ONNX runtime bert inference: RuntimeError: Input must be a list of dictionaries or a single numpy array for input 'attention_mask'


I am trying to use Huggingface Bert model using onnx runtime. I have used the the docs to convert the model and I am trying to run inference.
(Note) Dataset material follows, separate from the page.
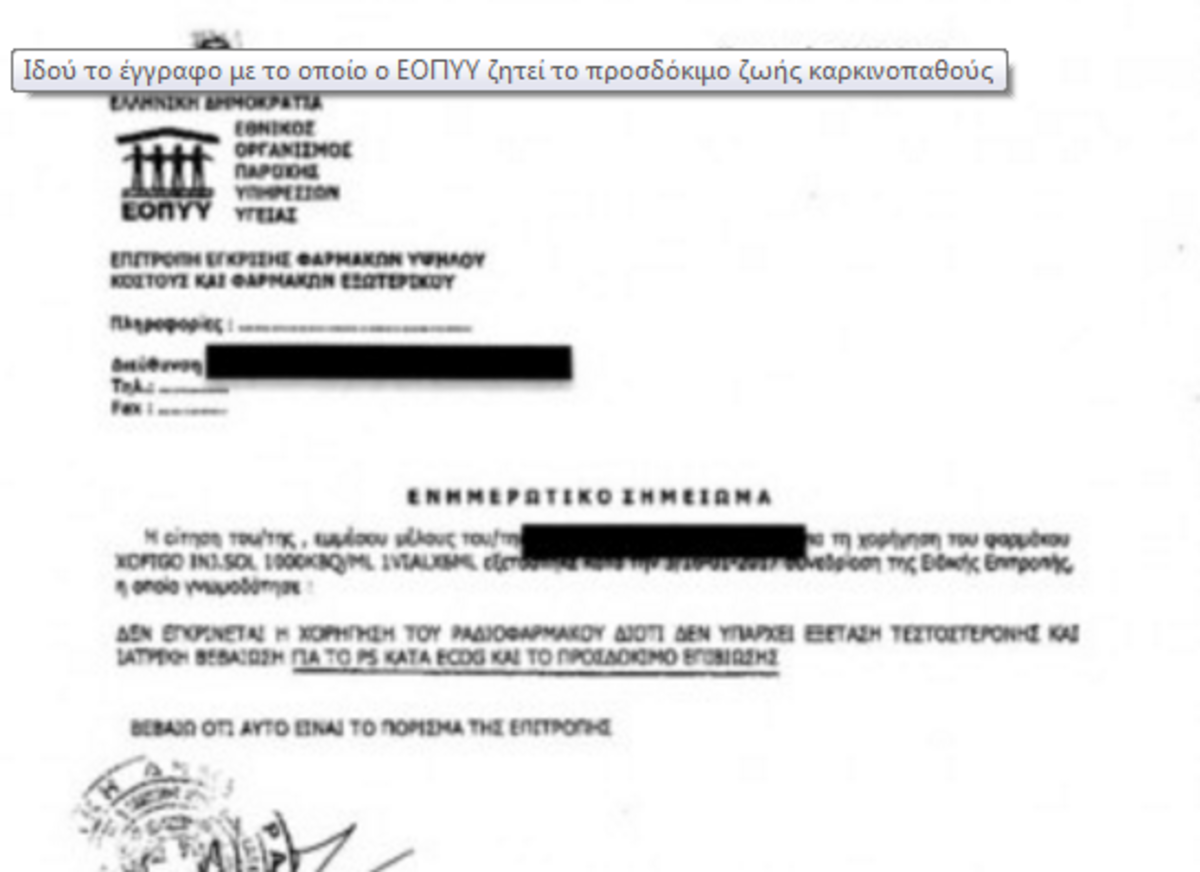Τουλάχιστον μη δόκιμη είχαν χαρακτηρίσει στο iatropedia από την ογκολογική κοινότητα την αναγραφή σε επίσημο έγγραφο του εκτιμώμενου προσδόκιμου ζωής ασθενούς με καρκίνο του προστάτη. Να τώρα που το έγγραφο βγαίνει στην δημοσιότητα και κάποιοι πρέπει να απαντήσουν στο αίσχος!

My inference code is:

from transformers import BertTokenizer, BertModel, BertTokenizerFast
import onnxruntime

sess = onnxruntime.InferenceSession("onnx/bert-base-cased/model.onnx")
tokenizer = BertTokenizerFast.from_pretrained('bert-base-cased')

encoded_input = tokenizer(text, return_tensors='pt', padding='max_length')
output = sess.run([i.name for i in sess.get_outputs()], dict(encoded_input)) # or sess.run(None, input_dict)

I am getting the following error:

Traceback (most recent call last):
  File "/home/srg/glib-repos/invoice_locality_extraction/cloud_run_functions/name_extraction/main.py", line 94, in invoice_extractor
    inference_results = infer.infer(v)
  File "/home/srg/glib-repos/invoice_locality_extraction/cloud_run_functions/name_extraction/infer.py", line 111, in infer
    emb, call = process(tokenizer, model, item_text_results[i:i+batch_size], call+1)
  File "/home/srg/glib-repos/invoice_locality_extraction/cloud_run_functions/name_extraction/get_embeddings.py", line 50, in process
    output = model.run([i.name for i in model.get_outputs()], input_dict)
  File "/home/sajan/pdf2words-env/lib/python3.7/site-packages/onnxruntime/capi/onnxruntime_inference_collection.py", line 192, in run
    return self._sess.run(output_names, input_feed, run_options)
RuntimeError: Input must be a list of dictionaries or a single numpy array for input 'attention_mask'.

Solution

  • According to the docs the return_tensors='np' not return_tensors='pt'